= Oil Nut Bay =

Coral reef bay in the British Virgin Islands

Oil Nut Bay is a coral reef bay situated on the northeast coast of Virgin Gorda in the British Virgin Islands, about 1 km west of Pajaros Point.

==Location==
Oil Nut Bay is a coral reef bay, which is described as "headland attached linear reef".
The beach at Oil Nut Bay stretches for about 0.5 mi.
The coastline extends to Leverick Bay, along a stretch which is characterised by its mangroves.
During an excursion in the 1970s, roughly 160 trees and large shrubs were identified in the area, including Eugenia sessiliflora.

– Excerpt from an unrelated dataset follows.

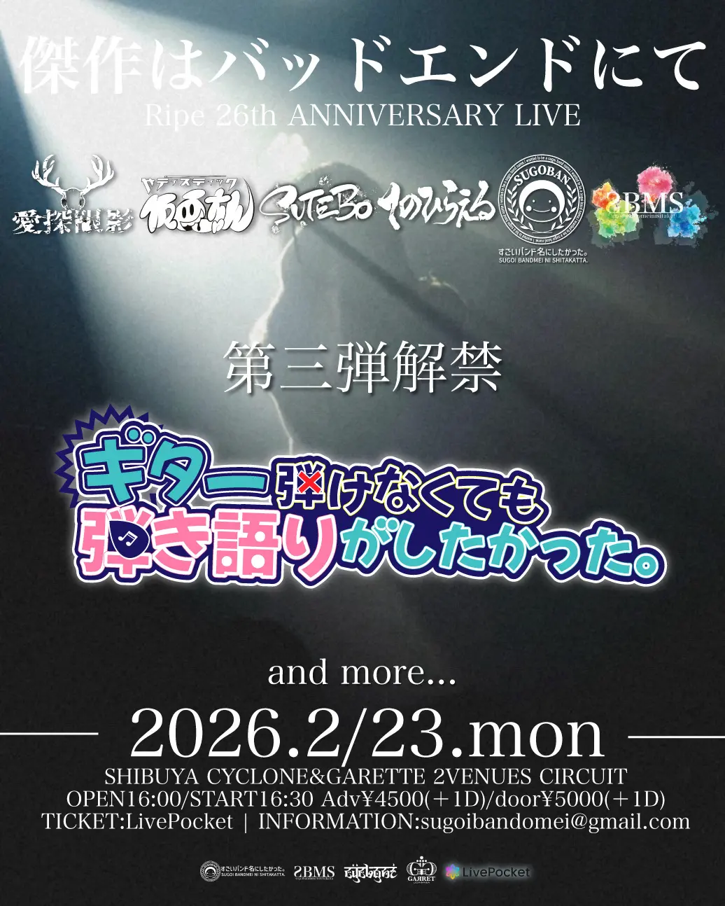 出演者 すごいバンド名にしたかった。 / SBMS from すごいバンド名にしたかった。 / SUTEBO / てのひらえる / 愛探眼影 / サディスティック仮面ちゃん / 弾き語りできないけど弾き語りしたかった。コラボステージ

==Commercial development==
A resort community, intended for the wealthy with multi-million dollar villas, is developing at Oil Nut Bay, led by American developer David Johnson and his company, Victor International. The firm was given the planning permission to build 400 villas, but decided on building 88 of them, set in 300 acres.
A May 2016 article by Caribbean Journal announced that the resort is still expanding, focusing on the development of four to six bedroom villas. The development is being built with underground utilities and is powered by solar energy. The resort has a double helipad and luxury tennis courts.

To the southwest of Oil Nut Bay is the Yacht Club Costa Smeralda (YCCS), which accommodates 38 slips for yachts up to 300 ft. The clubhouse was inaugurated in January 2012. The Oil Nut Bay and the YCCS development had together employed over 200 people.

==Threats==
The major project at Oil Nut Bay is decreasing the amount of dry tropical forest and increasing traffic of people and materials within and between the islands and other locations, creating a threat to the local herpetofauna.
Oil Nut Bay is particularly vulnerable to anchor damage due to its scenic appeal.